Every office has That Guy—you know, the one who drinks too much at the Christmas party and starts telling dirty jokes, eventually puking in a potted plant before his colleagues wrestle his keys away and call him a cab—but do you really want to be That Guy? 

Sweetie, I know you. You always complain about “wanting to get this crap over with and finally have a real job,” but honey, by the time you’re 30, you’ll be longing for the days when you lived with five other people and invited 200 strangers into your home every weekend to drink cheap beer out of plastic cups. Don’t even think about pulling an “Old School” though.
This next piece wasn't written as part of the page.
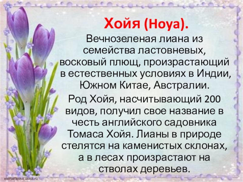 Род Хойя, насчитывающий 200 видов, получил свое название в честь английского садовника Томаса Хойя. Лианы в природе стелятся на каменистых склонах, а в лесах произрастают на стволах деревьев.
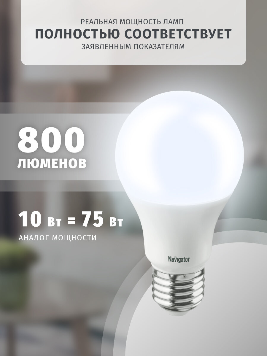 Лампа светодиодная Navigator 61 237, 10 Вт, груша, Е27, холодный свет 6500К, упаковка 10 шт.

Since you only have a short time left as an undergrad, I’m offering you the opportunity to make a pact with me—live it up until graduation, but after that, know your role, grow up, and give me a friggin’ break! Too many people’s livers never make this offer—these people keep acting like idiots and drinking like it’s going out of style. You know what happens? Those livers start failing. So spread the word to your classmates—it’s OK to act like a reject and destroy your body if you’re in college, but once you get a real job, it’s time to settle down (at least in terms of partying) and start behaving like the rest of productive adult society. With that, I advise you to give my offer some serious consideration.

On a final note, I will uphold my end of the offer on a conditional basis. Remember your post-LSAT celebration (if you don’t, ask any one of the people you asked 15 or more times if they had any tattoos)? Do you recall going from wine to beer, then to gin, and back to beer? One more stunt like that, and the deal is off and I quit.